(Saved data entries)
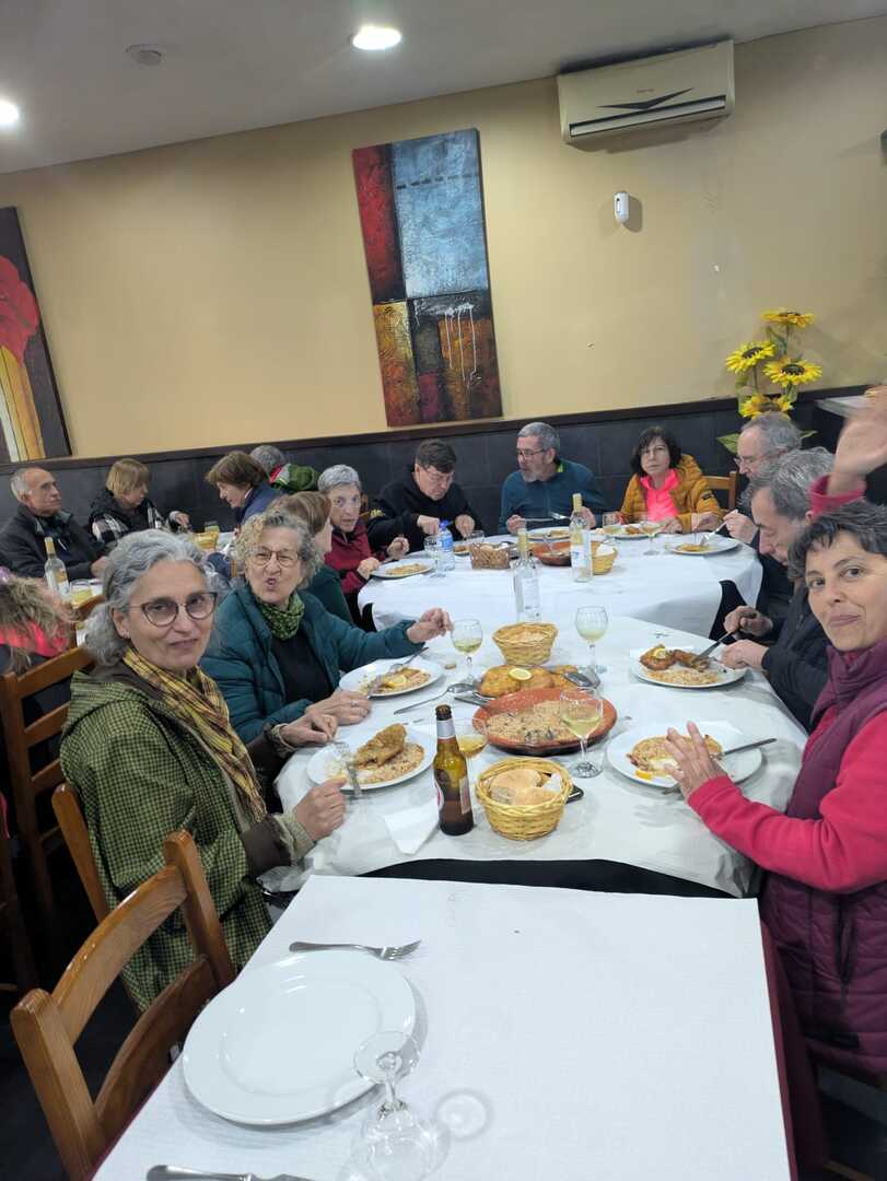 Podemos dizer que fomos muito bem tratados pela cozinheira que nos presenteou com um delicioso arroz malandro de feijão com panados e pataniscas. O vinho também escorregou bem e regou as gargantas ressequidas pelo esforço da caminhada.
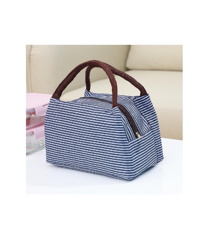 Сумка для ланч-бокса Panda, алюминевая термоизоляция, ткань, 230*130*190мм, бело/синяя полоска Новинка
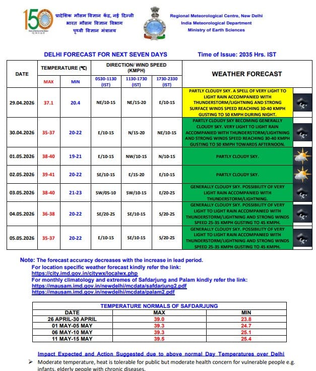 दिल्ली में 30 अप्रैल से 3 मई 2026 के बीच मौसम मिलाजुला रहने का अनुमान है. इस दौरान दिन का तापमान लगभग 35 से 40 डिग्री सेल्सियस के बीच रहेगा, जबकि रात का तापमान 19 से 23 डिग्री के आसपास बना रहेगा. 30 अप्रैल और 3 मई को हल्की बारिश और तेज हवाएं (40–50 किमी/घंटा तक) चलने की संभावना है.
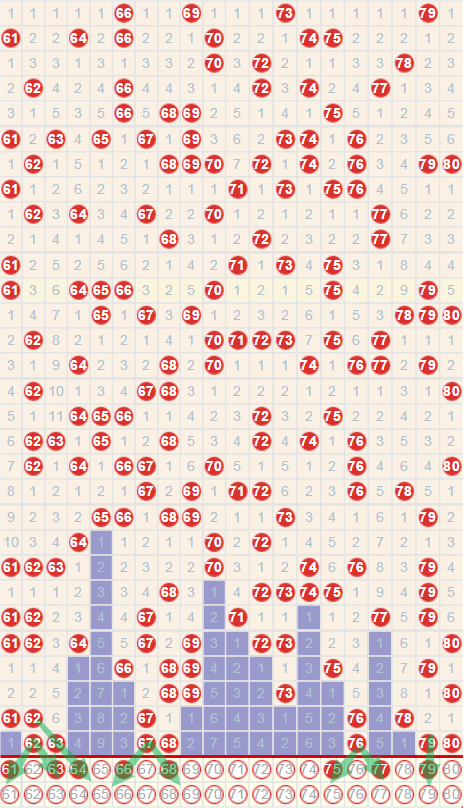 四区间(61-80)上期奖码:62 63 67 68 76 79 80
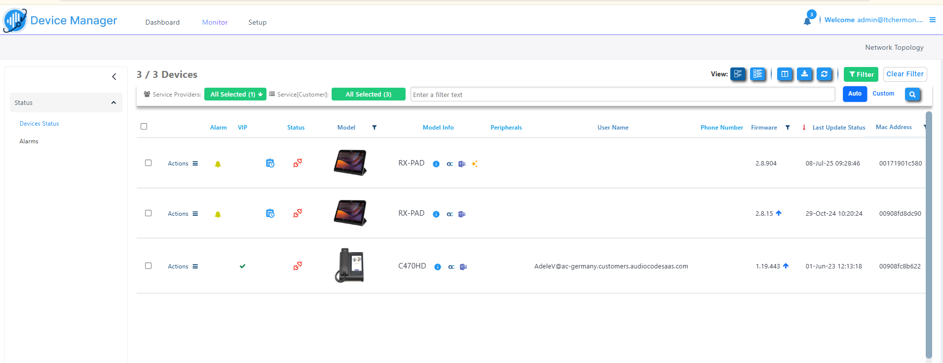 Pie chart showing the number of devices per service provider that are registered. Hover over a segment of the pie to view the service provider's name and the number of devices registered under it. Click a segment of the pie to open the Devices Status page displaying that service provider and the devices registered under it. |
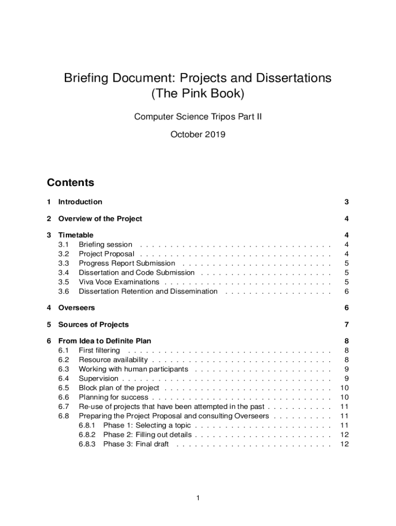 Briefing Document: Projects and Dissertations (The Pink Book) Computer Science Tripos Part II October 2019Contents 1 Introduction32 Overview of the Project43 Timetable 3.1 Briefing session. . . .
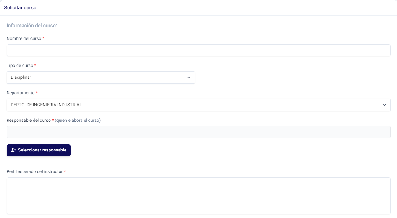 En este apartado se solicitan los datos básicos del curso, como su nombre, el tipo de curso, el departamento al que pertenece y el responsable del curso.
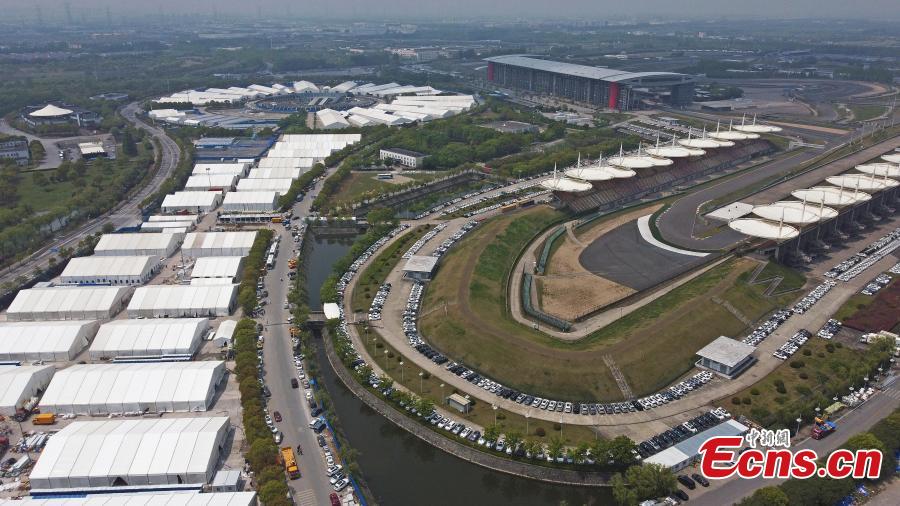 Aerial view photo shows a makeshift hospital converted from the Shanghai International Circuit to aid the fight against resurging COVID-19 in east China's Shanghai, April 20, 2022. Located at Jiading district, the hospital has a capacity of 14,000 beds. (Photo: China News Service/Yin Liqin)

# [EXERCISE AIM]
Hand back the records above exactly as they are, pictures excluded.

# [TASK RESULT]
 Podemos dizer que fomos muito bem tratados pela cozinheira que nos presenteou com um delicioso arroz malandro de feijão com panados e pataniscas. O vinho também escorregou bem e regou as gargantas ressequidas pelo esforço da caminhada.
 Сумка для ланч-бокса Panda, алюминевая термоизоляция, ткань, 230*130*190мм, бело/синяя полоска Новинка
 दिल्ली में 30 अप्रैल से 3 मई 2026 के बीच मौसम मिलाजुला रहने का अनुमान है. इस दौरान दिन का तापमान लगभग 35 से 40 डिग्री सेल्सियस के बीच रहेगा, जबकि रात का तापमान 19 से 23 डिग्री के आसपास बना रहेगा. 30 अप्रैल और 3 मई को हल्की बारिश और तेज हवाएं (40–50 किमी/घंटा तक) चलने की संभावना है.
 四区间(61-80)上期奖码:62 63 67 68 76 79 80
 Pie chart showing the number of devices per service provider that are registered. Hover over a segment of the pie to view the service provider's name and the number of devices registered under it. Click a segment of the pie to open the Devices Status page displaying that service provider and the devices registered under it. |
 Briefing Document: Projects and Dissertations (The Pink Book) Computer Science Tripos Part II October 2019Contents 1 Introduction32 Overview of the Project43 Timetable 3.1 Briefing session. . . .
 En este apartado se solicitan los datos básicos del curso, como su nombre, el tipo de curso, el departamento al que pertenece y el responsable del curso.
 Aerial view photo shows a makeshift hospital converted from the Shanghai International Circuit to aid the fight against resurging COVID-19 in east China's Shanghai, April 20, 2022. Located at Jiading district, the hospital has a capacity of 14,000 beds. (Photo: China News Service/Yin Liqin)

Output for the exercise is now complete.